MongoDB Map Reduce
Map-Reduce is a computing model. Simply put, it decomposes a large batch of work (data) for execution (MAP), and then merges the results into the final result (REDUCE).
The Map-Reduce provided by MongoDB is very flexible and quite practical for large-scale data analysis.
MapReduce command
The following is the basic syntax of MapReduce:
>db.collection.mapReduce( function() {emit(key,value);}, //map 函数 function(key,values) {return reduceFunction}, //reduce 函数 { out: collection, query: document, sort: document, limit: number } )
Use MapReduce to implement two functions: Map function and Reduce function, Map function calls emit(key, value), Traverse all the records in the collection and pass the key and value to the Reduce function for processing.
The Map function must call emit(key, value) to return the key-value pair.
Parameter description:
map: Mapping function (generates a sequence of key-value pairs as a reduce function parameter).
reduce Statistical function, the task of the reduce function is to turn key-values into key-value, that is, to turn the values array into a single value value. .
out Statistical result storage collection (if not specified, a temporary collection will be used, which will be automatically deleted after the client is disconnected).
query A filter condition, only documents that meet the condition will call the map function. (query.limit, sort can be combined at will)
sort The sort parameter combined with limit (also sorts the documents before sending to the map function), can Optimize the grouping mechanism
limit The upper limit of the number of documents sent to the map function (if there is no limit, using sort alone is of little use)
Using MapReduce
Consider the following document structure to store the user's articles. The document stores the user's user_name and the status field of the article:
>db.posts.insert({ "post_text": "php中文网,最全的技术文档。", "user_name": "mark", "status":"active" }) WriteResult({ "nInserted" : 1 }) >db.posts.insert({ "post_text": "php中文网,最全的技术文档。", "user_name": "mark", "status":"active" }) WriteResult({ "nInserted" : 1 }) >db.posts.insert({ "post_text": "php中文网,最全的技术文档。", "user_name": "mark", "status":"active" }) WriteResult({ "nInserted" : 1 }) >db.posts.insert({ "post_text": "php中文网,最全的技术文档。", "user_name": "mark", "status":"active" }) WriteResult({ "nInserted" : 1 }) >db.posts.insert({ "post_text": "php中文网,最全的技术文档。", "user_name": "mark", "status":"disabled" }) WriteResult({ "nInserted" : 1 }) >db.posts.insert({ "post_text": "php中文网,最全的技术文档。", "user_name": "php", "status":"disabled" }) WriteResult({ "nInserted" : 1 }) >db.posts.insert({ "post_text": "php中文网,最全的技术文档。", "user_name": "php", "status":"disabled" }) WriteResult({ "nInserted" : 1 }) >db.posts.insert({ "post_text": "php中文网,最全的技术文档。", "user_name": "php", "status":"active" }) WriteResult({ "nInserted" : 1 })

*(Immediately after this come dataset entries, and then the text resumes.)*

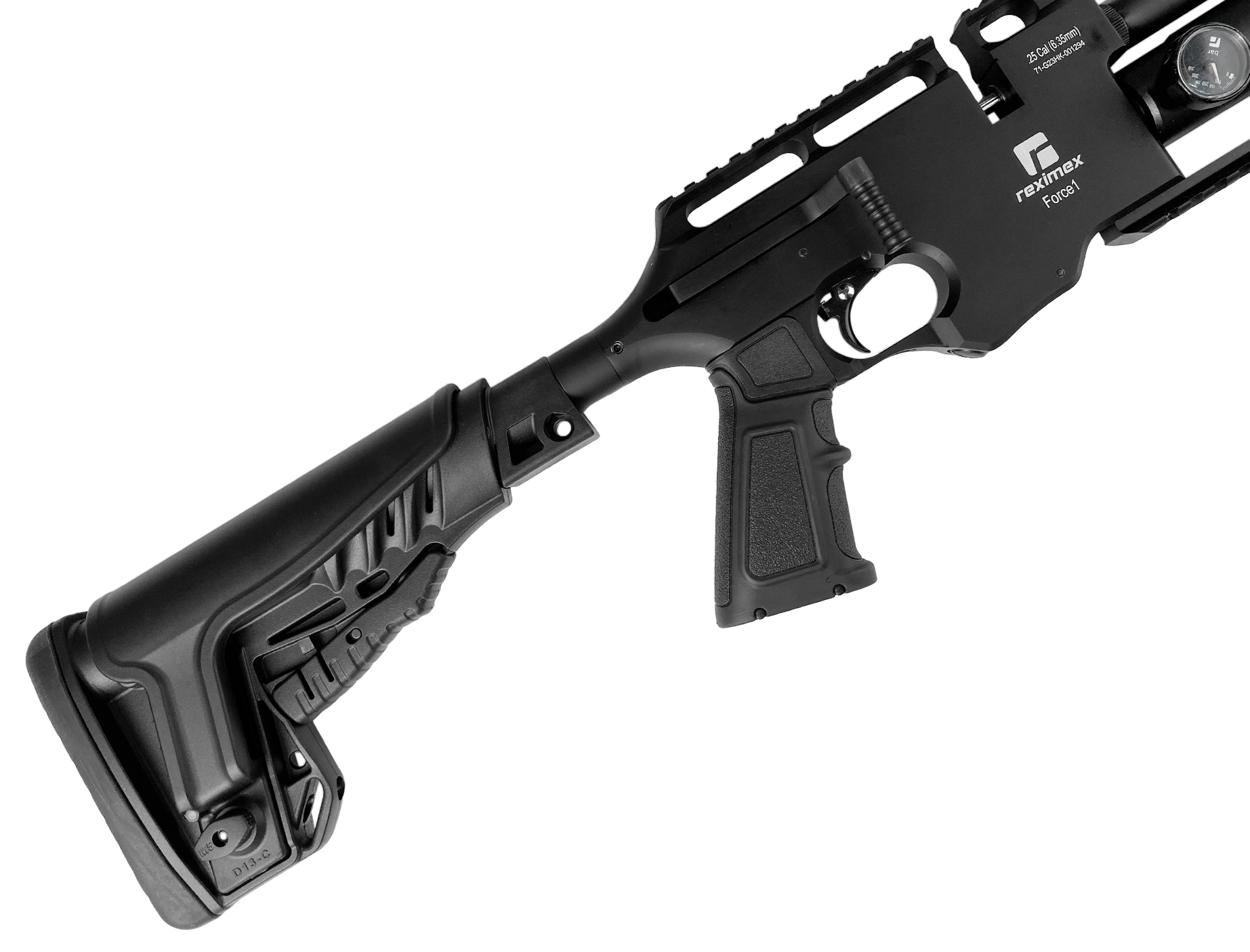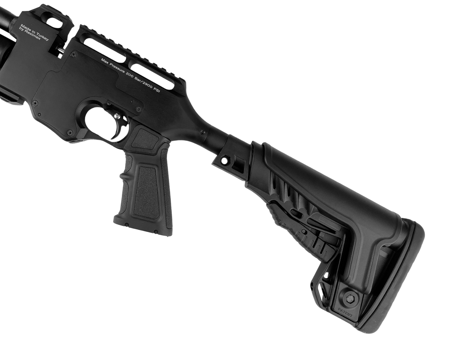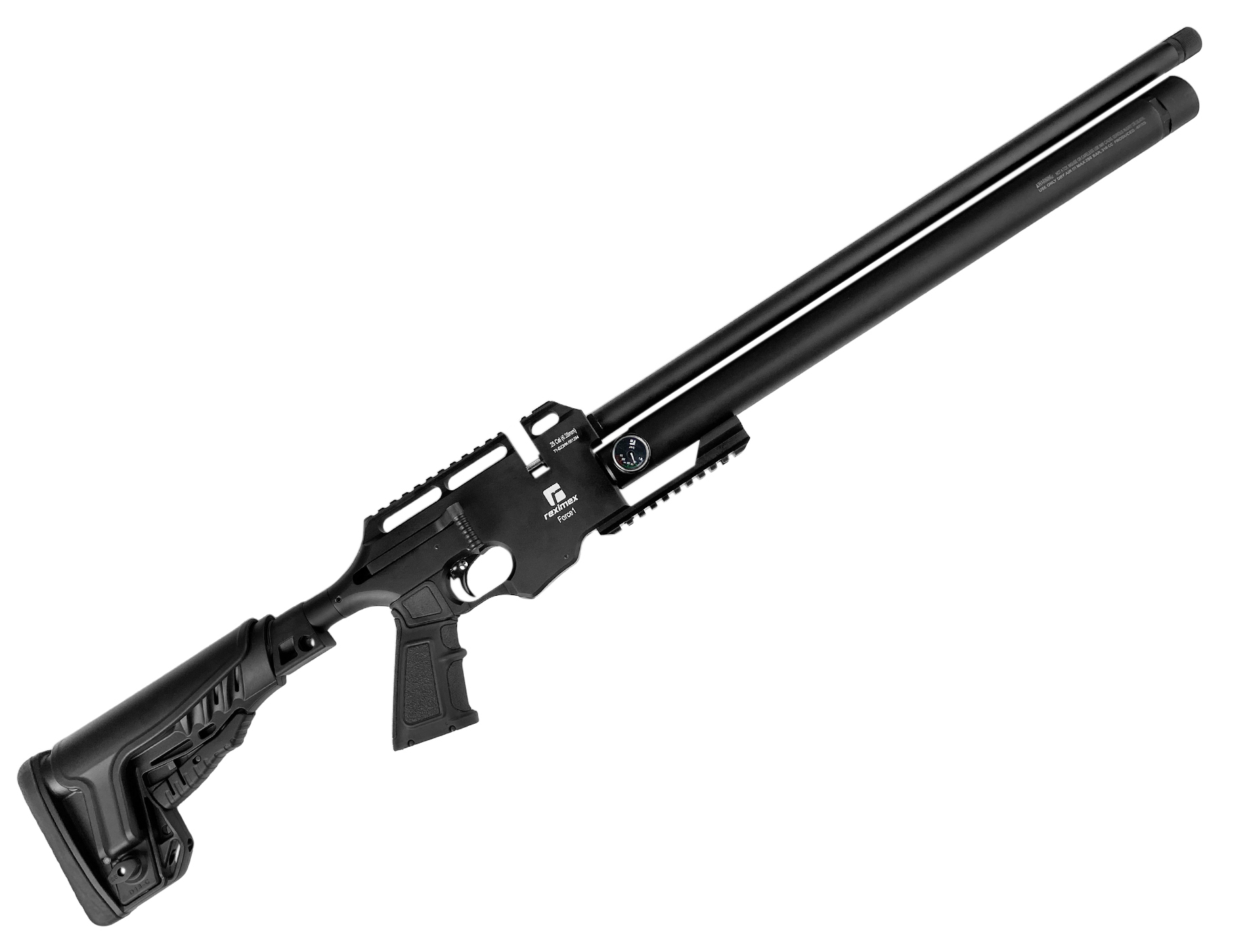 Винтовка в тактическом исполнении от турецкого производителя Reximex - модель с предварительной накачкой ( PCPPCP - это система в пневматических винтовках, которая использует предварительно заряженный воздух или другой газ для создания давления в резервуаре. Это позволяет стрелять из винтовки без необходимости подкачки воздуха после каждого выстрела. PCP системы обеспечивают более высокую точность и мощность выстрела, чем традиционные пружинно-поршневые системы.Подробнее ) калибра 6,35 мм с биатлонным взводом. Винтовка в основном предназначена для спортивно-развлекательной стрельбы. Мощность предлагаемого варианта на превышает 3 Дж, и для его покупки не нужны разрешительные документы.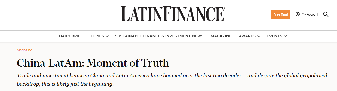 長(zhǎng)期關(guān)注拉美及加勒比地區(qū)發(fā)展的《拉美金融》雜志最近的一篇文章,聚焦了過(guò)去二十年拉丁美洲與中國(guó)之間貿(mào)易和投資的蓬勃發(fā)展。文章指出,盡管當(dāng)前全球地緣政治形勢(shì)復(fù)雜,但拉美與中國(guó)這種良好的發(fā)展勢(shì)頭可能僅僅是雙方合作的開(kāi)端。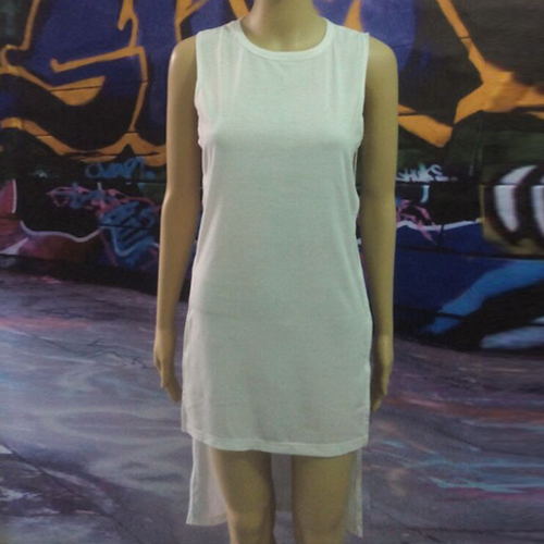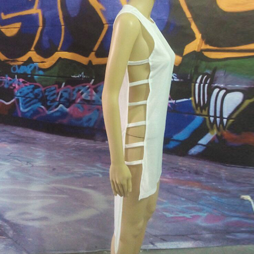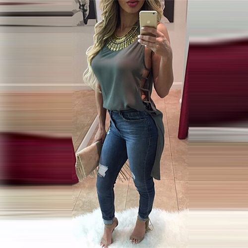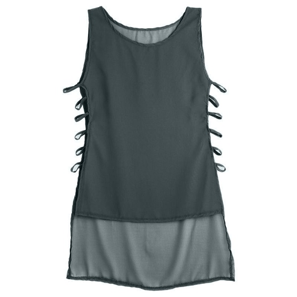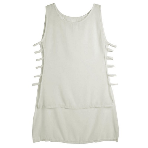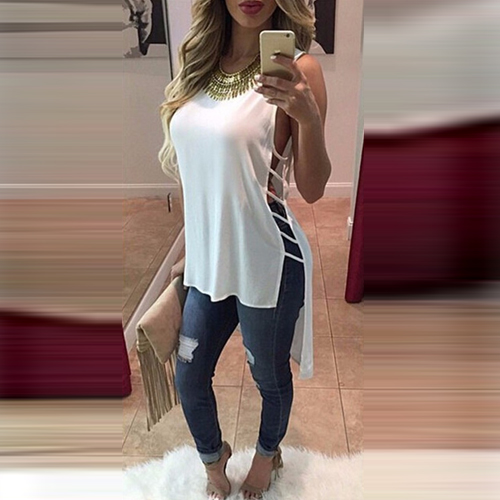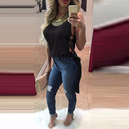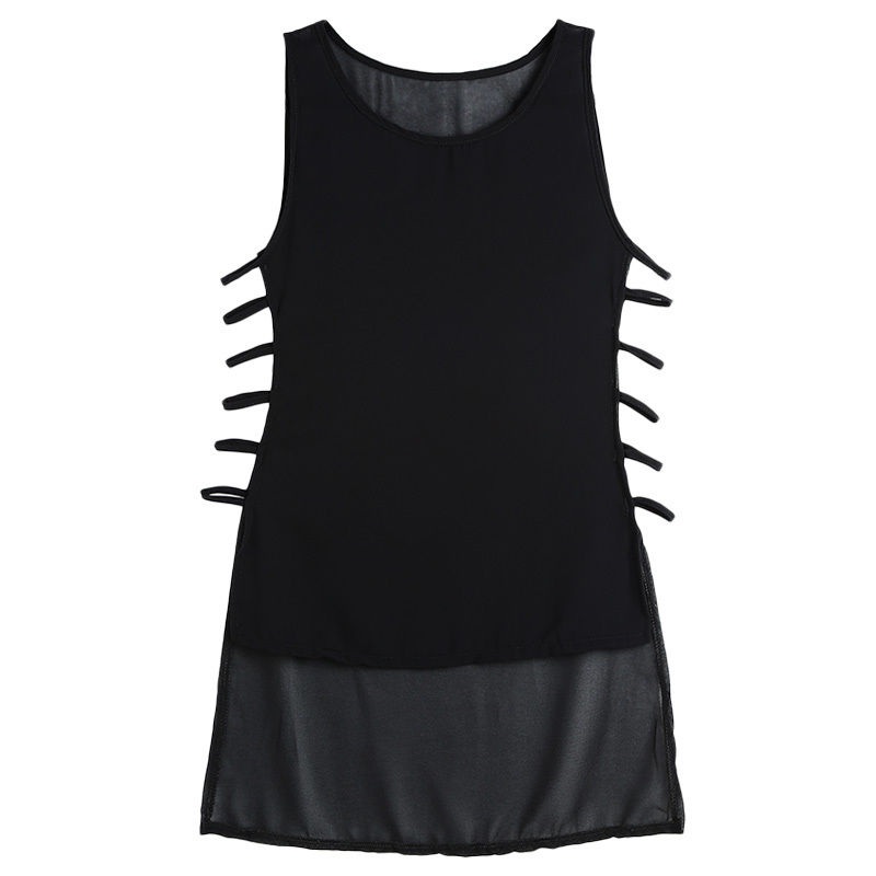 Sexy High-low Hem Side Hollow Out Sleeveless Round Neck Top

Now, we will Use the mapReduce function in the posts collection to select published articles (status: "active"), group them by user_name, and calculate the number of articles for each user:
>db.posts.mapReduce( function() { emit(this.user_name,1); }, function(key, values) {return Array.sum(values)}, { query:{status:"active"}, out:"post_total" } )
The above mapReduce output result is:
{ "result" : "post_total", "timeMillis" : 23, "counts" : { "input" : 5, "emit" : 5, "reduce" : 1, "output" : 2 }, "ok" : 1 }
The results show that there are 4 documents that meet the query conditions (status: "active"). Four key-value pair documents are generated in the map function, and finally the reduce function is used to divide the same key values into two groups.
Specific parameter description:
result: the name of the collection that stores the results. This is a temporary collection. After the MapReduce connection is closed It will be deleted automatically.
timeMillis: The time it takes to execute, in milliseconds
input: The number of documents that meet the conditions and are sent to the map function
emit: The number of times emit is called in the map function, which is the total amount of data in all collections
ouput: The number of documents in the result collection Number(count is very helpful for debugging)
ok: Whether it is successful or not, success is 1
-
err: If it fails, there can be a reason for the failure, but from experience, the reason is vague and of little use
Use the find operator to view the mapReduce query results:
>db.posts.mapReduce( function() { emit(this.user_name,1); }, function(key, values) {return Array.sum(values)}, { query:{status:"active"}, out:"post_total" } ).find()
The above query displays the following results. Two users tom and mark have two published articles:
{ "_id" : "mark", "value" : 4 } { "_id" : "php", "value" : 1 }
In a similar way, MapReduce can be used to build large and complex aggregation queries.
Map function and Reduce function can be implemented using JavaScript, making the use of MapReduce very flexible and powerful.